It could be anywhere but to your dismay its in the room you mostly spent some years in. Your bedroom, sometimes cold, sometimes lukewarm but never good enough to pay attention to it. You just got used to it. Severely understimulated, you move towards any form of stimulation like a moth would to light; this only advances the inevitable breakdown. Just like in that annoying video game where after some work on abnormalities a meltdown eventually occurs. You tried so hard to be understood but it sorta just never happened. With some, you dont have to explain yourself a lot. But when it comes down to it, you are still the only one suffering in silence. Alone again. Just like in that game. You finished it like two years ago? It reminds you of a person you've grown to despise. The endings spoke to you somehow. Now that you've reminded yourself, this is your whole deal. Trying to appreciate everything till it eventually falls out of your hands. You wanted to cry to several endings but it never happened.

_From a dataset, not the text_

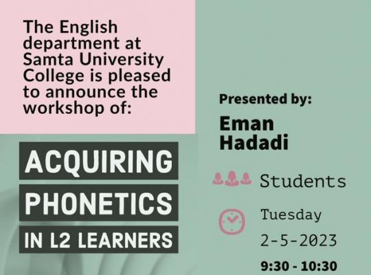A workshop entitled "Acquiring phonetics in L2 learners" at the Applied College in Samtah and the University College in Samtah (formerly)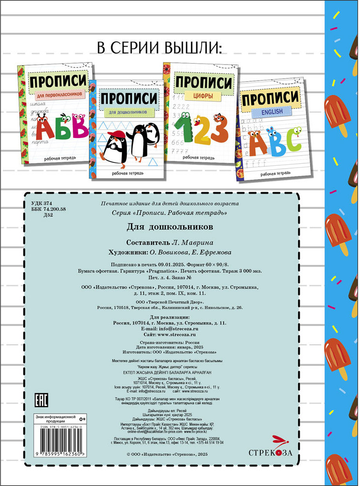 💳 Оплатить за товар можно при получении 🇰🇿 Есть бесплатная доставка по Казахстану от 1 дня 🎁 Копите бонусы с каждой покупки Прописи адресованы дошкольникам и предназначены для отработки и закрепления графических навыков. Ребенку предлагается выполнить задания на штриховку и дорисовку, рисование по клеточкам, дорисовку картинок и раскрашивание. Пособие поможет не только развить графические умения и подготовить к письму руку ребёнка, но и приучат его к усидчивости, аккуратности и терпению, а красочные яркие рисунки разбудят фантазию и творчество. |

This makes you so angry. You used to be able to weep even at the smallest inconveniences and now when your lifes gone to shit and theres little chance of changing the course of it you are as dry as the head archivists skin. You thought about starting diy. Waiting until youre overage and then getting opinions from people who know batshit nothing better than you is not really punk. You also have some semblance of a stable income. Somethings still keeping you from it though.

You always felt like you were gonna die next week. Next month. Next school year. Now you dont even know. If you got this far, you should do matura and then just enjoy the absence of horrors. Sometimes you feel like you cant do that, though.

Definitons are silly. The terf dictionary included the word "usually" in their chair definition. How dumb. If you tried to define life it would be hard. You could try to define it by a quality or just say absence of death. Or breathing.

It feels like no one sees or no one knows about mentally ill people unless they lash out. You didn't expect much more from your perfectly typical people but still.

You forgot about your despair a little but you still feel like utter garbage. Its always what you are unable to do and never things you're proud of. You could draw. Your hands are shaky, your pens are dull and tend to break, your rubbers are dirty and you used to enjoy it much more when you were in second grade. You could write poems. It never comes as naturally as it used to. You just want to do things that are out of your reach. Maybe its less scary to rot away yearning for the unknown than actually stepping outside.

Sometimes you just want to stab yourself but then you remember that one time you accidentally did that and it hurt so much, in such a pathetic and theatrical way. You could never disinfect or bandage shit anyway.

You just want to get up, pack the few things that are dear to you in a bag and then go to a friends house. You never know where any of them lives. Sure, you know the towns, but at bumfuck nowhere everything looks all the same.

Everything is awkward but especially at the first time. Do you just send the "texting is tiring can i come live with u" image or just go "ahah teehee umm bleh umm can we do an extended sleepover"? You don't know.

As the doubts are catching up you can feel your throat. You hate it. Whenever you feel that thing you want to rip it out of your skin, images of undescribable violence flashing in your mind. You've listened to this one track so long that it feels like you're losing the leftovers of your sanity. You really gotta do something.

"Hey Jupiter umm can I sleep over?"

You type fast but hitting enter is so anxiety inducing. You end up doing it anyway but make sure to close your phone afterwards.